Reproduce everything from the line that contains "Terima Kasih Bapak" down to the line that contains "После часть депутатв" in the listing below, word for word and nothing more. Leave the pictures out.

▸ **DATA EXCERPTS**
================================
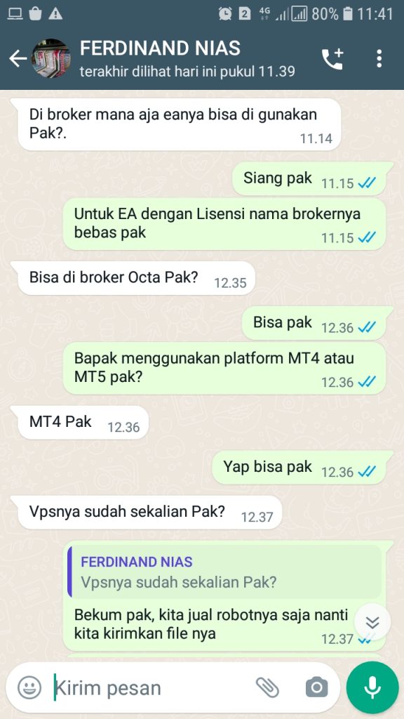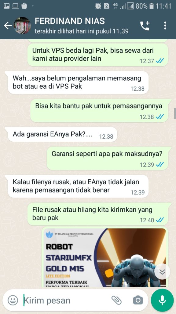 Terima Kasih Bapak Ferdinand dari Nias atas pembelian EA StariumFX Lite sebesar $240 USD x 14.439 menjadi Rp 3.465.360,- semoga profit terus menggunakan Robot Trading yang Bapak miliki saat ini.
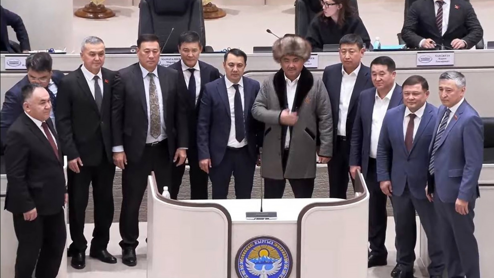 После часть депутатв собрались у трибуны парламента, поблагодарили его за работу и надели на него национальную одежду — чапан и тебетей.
================================
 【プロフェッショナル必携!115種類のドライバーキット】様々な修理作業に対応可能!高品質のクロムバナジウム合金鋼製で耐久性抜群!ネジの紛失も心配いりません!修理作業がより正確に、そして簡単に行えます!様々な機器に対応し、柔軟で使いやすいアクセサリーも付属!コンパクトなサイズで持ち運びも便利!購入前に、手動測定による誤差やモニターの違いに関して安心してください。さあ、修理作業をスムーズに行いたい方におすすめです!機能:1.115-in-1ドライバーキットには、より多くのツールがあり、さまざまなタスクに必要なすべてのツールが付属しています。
================================
▸ **WRITTEN SOLUTION**
 Terima Kasih Bapak Ferdinand dari Nias atas pembelian EA StariumFX Lite sebesar $240 USD x 14.439 menjadi Rp 3.465.360,- semoga profit terus menggunakan Robot Trading yang Bapak miliki saat ini.
 После часть депутатв собрались у трибуны парламента, поблагодарили его за работу и надели на него национальную одежду — чапан и тебетей.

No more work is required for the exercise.